Natural History of Silence by Jerome Sueur (Polity Books 2025, 240 pages, $22.95 paperback)
When we listen closely, silence reveals a neglected reality. Neither empty nor singular, silence is instead plentiful and multiple. In this book, eco-acoustic historian Jérôme Sueur allows us to discover a vast landscape of silences that trigger the full gamut of our emotions. He takes us from vistas resplendent with full and rich natural silences to the everyday silence of predators as they stalk their prey. To explore silences in animal behavior and ecology is to discover a counterpoint to the acoustic diversity of nature, throwing into sharp relief the grating reverberations of the human activity that threatens it. It is to attune ourselves to a world our human insensitivities have closed off to us, to take a moment simply to breathe and listen to the place of silence in nature.

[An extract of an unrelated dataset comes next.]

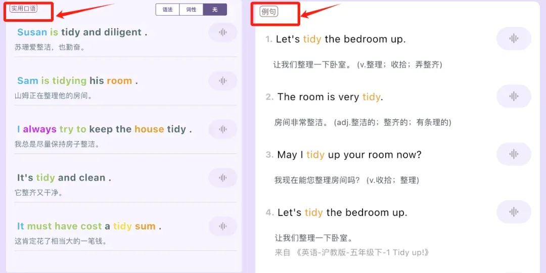 也有实用口语和例句,帮助孩子理解单词的使用。

The Moral Circle: Who Matters, What Matters, and Why by Jeff Sebo (W.W. Norton 2025, 192 pages, $24.00)
Today, human exceptionalism is the norm. Despite occasional nods to animal welfare, we prioritize humanity, often neglecting the welfare of a vast number of beings. Yet as the dominant species, humanity has a responsibility to ask: Which nonhumans matter, how much do they matter, and what do we owe them in a world reshaped by human activity and technology? In The Moral Circle, philosopher Jeff Sebo challenges us to include potentially significant beings in our moral community, with transformative implications for our lives and societies. Taking an expansive view of human responsibility, Sebo argues that building a positive future requires shedding human exceptionalism and radically rethinking our place in the world.